Your assignment:
The whole listing is to be restated word for word with no images.

Data shown:
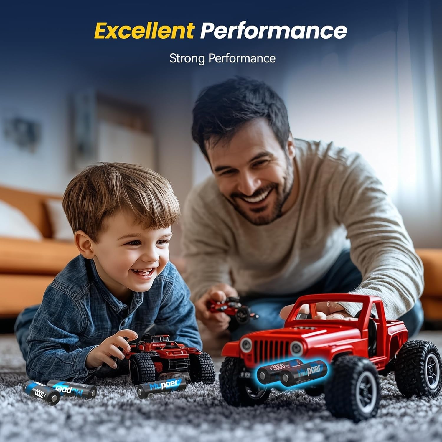 Rechargeable Up to 2500 Times: Exceptional 2500-cycle lifespan with 0V activation capability. Even fully drained batteries can be refreshed and charged again.
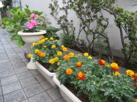 夏の終わりに植えた、マリーゴールド、観賞用唐辛子、ゼラニュームもきれいに咲いていて玄関先は華やかです。
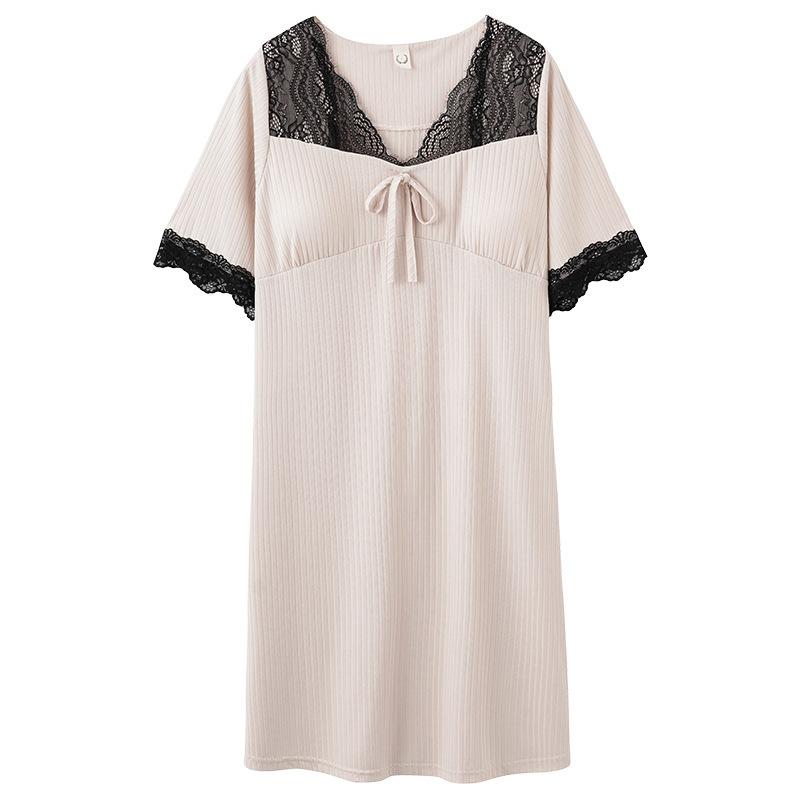 ワンピース レディース 春夏 Vネック M L XL XXL XXXL 接触冷感 再生繊維 部屋着 普段使い 杏色
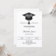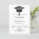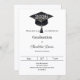 A modern and stylish black and white invitation for a graduation party. Decorated with a black graduation cap. Personalize and add a name, and the details.

Written reply:
 Rechargeable Up to 2500 Times: Exceptional 2500-cycle lifespan with 0V activation capability. Even fully drained batteries can be refreshed and charged again.
 夏の終わりに植えた、マリーゴールド、観賞用唐辛子、ゼラニュームもきれいに咲いていて玄関先は華やかです。
 ワンピース レディース 春夏 Vネック M L XL XXL XXXL 接触冷感 再生繊維 部屋着 普段使い 杏色
 A modern and stylish black and white invitation for a graduation party. Decorated with a black graduation cap. Personalize and add a name, and the details.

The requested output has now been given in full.